**** MATERIAL PROVIDED
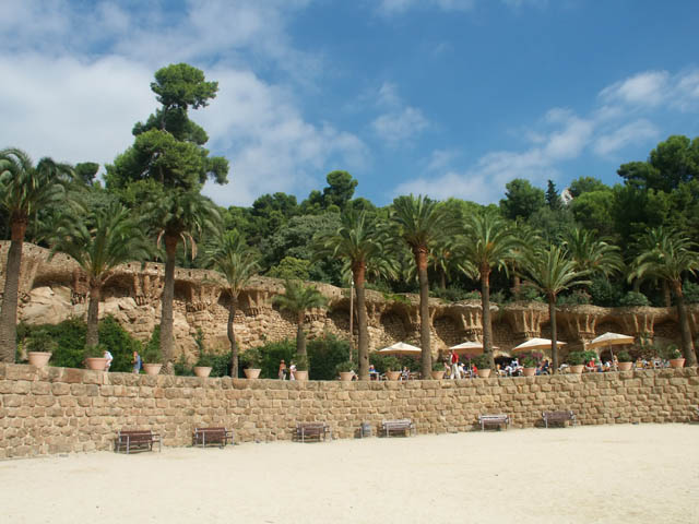 A row of palm trees lines a rocky Gaudi wall and provides shade to a cafe terrace below.
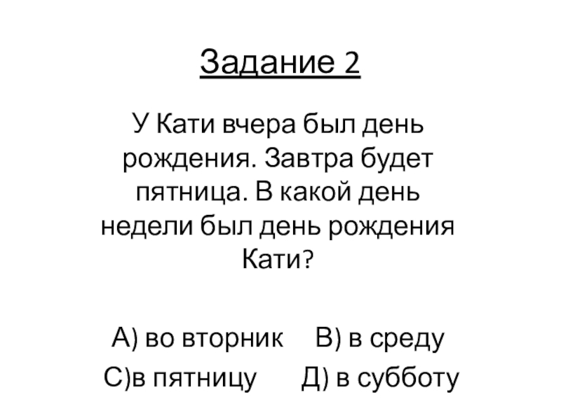 Задание 2У Кати вчера был день рождения. Завтра будет пятница. В какой день недели был день рождения
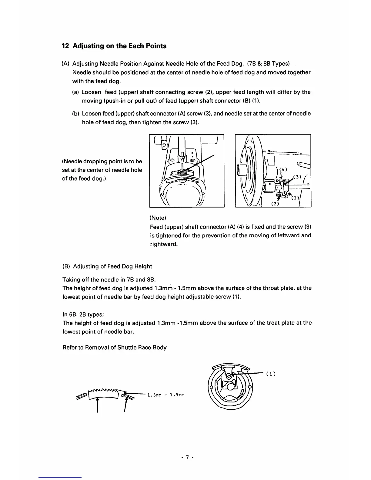 Seiko CH-2B - 12 Adjusting on the each Points; (A) Adjusting Needle Position against Needle Hole of; (B) Adjusting of Feed Dog Height
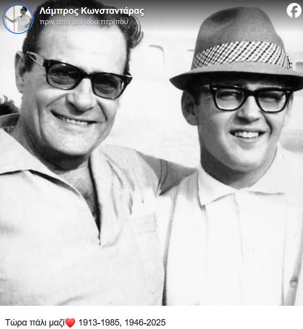 Με μια ασπρόμαυρη φωτογραφία στην οποία ποζάρουν μαζί, ο Δημήτρης Κωνσταντάρας και ο πατέρας του Λάμπρος Κωνσταντάρας, ο γιος του δημοσιογράφου γράφει τρεις λέξεις: «Τώρα πάλι μαζί».
********
- [BRIEF]:
Omit every picture, then reproduce the rest of the listing exactly.

- [EXPECTED ANSWER]:
 A row of palm trees lines a rocky Gaudi wall and provides shade to a cafe terrace below.
 Задание 2У Кати вчера был день рождения. Завтра будет пятница. В какой день недели был день рождения
 Seiko CH-2B - 12 Adjusting on the each Points; (A) Adjusting Needle Position against Needle Hole of; (B) Adjusting of Feed Dog Height
 Με μια ασπρόμαυρη φωτογραφία στην οποία ποζάρουν μαζί, ο Δημήτρης Κωνσταντάρας και ο πατέρας του Λάμπρος Κωνσταντάρας, ο γιος του δημοσιογράφου γράφει τρεις λέξεις: «Τώρα πάλι μαζί».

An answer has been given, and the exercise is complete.